Figure 4Scatter MG score-Hamming distance plot for the Steepest Descent (Panel (a)) and the SAMC (Panel (b)) for all our targets. Here HD is the Hamming distance between our proposed sequence and the original murine one. The SAMC trajectories start at the murine sequences, on the left (HD = 0, MG-score around 4500), then jump immediately to the region at the bottom-right of high HD, low score (highly non-human sequences, but very different from the original murine). Notice that all trajectories roughly overlap in this region: there is no memory of their different, and fixed, CDR sequences, and we witness a basically free exploration of the sequence space. Then, when the temperature falls below a certain threshold, the trajectories move to the top-left region, of highly human sequences with score and HD depending on the fixed CDR regions of the original sequence.
Comparison between original, simulated and experimentally humanized sequences.

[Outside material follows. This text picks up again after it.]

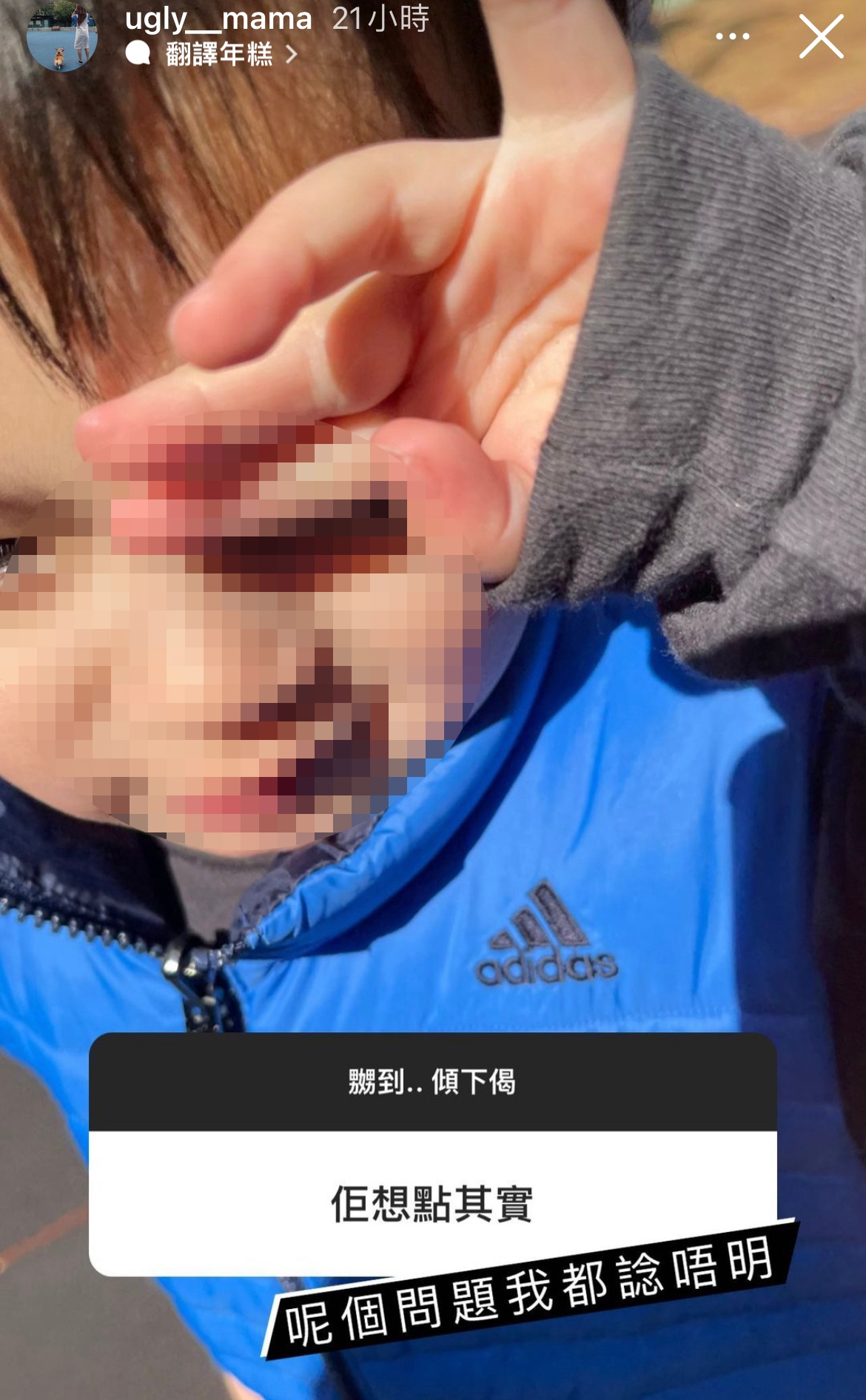 並且在IG上寫下:「你話你攰唔舒服要瞓覺,OKAY!咁我去執嘢,啲仔兩點要去到醫院,只係要求你畀嘢佢哋食,換衫準備好,我返嚟即刻出門口,但你一點半仲瞓喺張床,你要廢要懶無問題,但既然你要生小朋友,可唔可以尊重吓佢哋?唔好因為你嘅問題去影響佢哋,我真係忍唔到幾耐,完全唔理解你呢種人生存為乜!」

| tgt | MG (o) | MG (h) | MG (p) | HD (p, o) | HD (h, o) | TP | FP | TN | FN | FPR | TPR | YJS |
|---|---|---|---|---|---|---|---|---|---|---|---|---|
| 1 | 4963 | 7571 | 9000 | 49 | 37 | 31 | 18 | 246 | 3 | 0.07 | 0.84 | 0.78 |
| 2 | 4905 | 7184 | 9328 | 61 | 48 | 43 | 18 | 234 | 3 | 0.07 | 0.90 | 0.83 |
| 3 | 4976 | 6780 | 7817 | 48 | 37 | 24 | 24 | 241 | 9 | 0.10 | 0.65 | 0.57 |
| 4 | 4734 | 5689 | 9362 | 61 | 38 | 22 | 39 | 228 | 9 | 0.15 | 0.58 | 0.46 |
| 5 | 4978 | 7202 | 8131 | 53 | 39 | 37 | 16 | 243 | 2 | 0.06 | 0.95 | 0.89 |
| 6 | 4350 | 5193 | 8159 | 62 | 29 | 18 | 44 | 232 | 4 | 0.16 | 0.62 | 0.48 |
| 7 | 4481 | 5468 | 8379 | 63 | 35 | 24 | 39 | 229 | 6 | 0.15 | 0.69 | 0.56 |
Column 2, 3 and 4 report the MG-score for the original murine sequence “o”, the experimentally humanized sequence “h”, and the one predicted by SD “p”, for each target (column 1). Column 5, 6 report the number of mutations between pairs of sequences (HD). We define as “positive” (P) the mutations of the predicted sequence with respect to the murine one: P = HD (p, o); “negative” (N) the number of corresponding identical residues in the predicted and murine sequence. Accordingly, True Positive (TP) will be the number of common mutations, with respect to “o”, shared by “p” and “h”; False Positive (FP) indicates that in the predicted sequence there is a mutation with respect to the murine, but such mutation is not the present in “h” (or it is not the same mutation); True Negative (TN) imply that neither the predicted nor the humanized sequence have mutations, while False Negative (FN) indicates that the humanized sequence present a mutation with respect to the murine, but the predicted sequence does not. Schematically, being A, B, C possible aminoacids for the triplet (murine, humanized, predicted), we have: (A, A, A) → TN; (A, A, B), (A, B, C) → FP; (A, B, A) → FN; (A, B, B) → TP; thus, HD (p, h) = FP + FN. The True and False Positive Rates are defined as TPR = TP/(TP + FN); FPR = FP/(TN + FP). The last column is the Youden’s index: see Methods.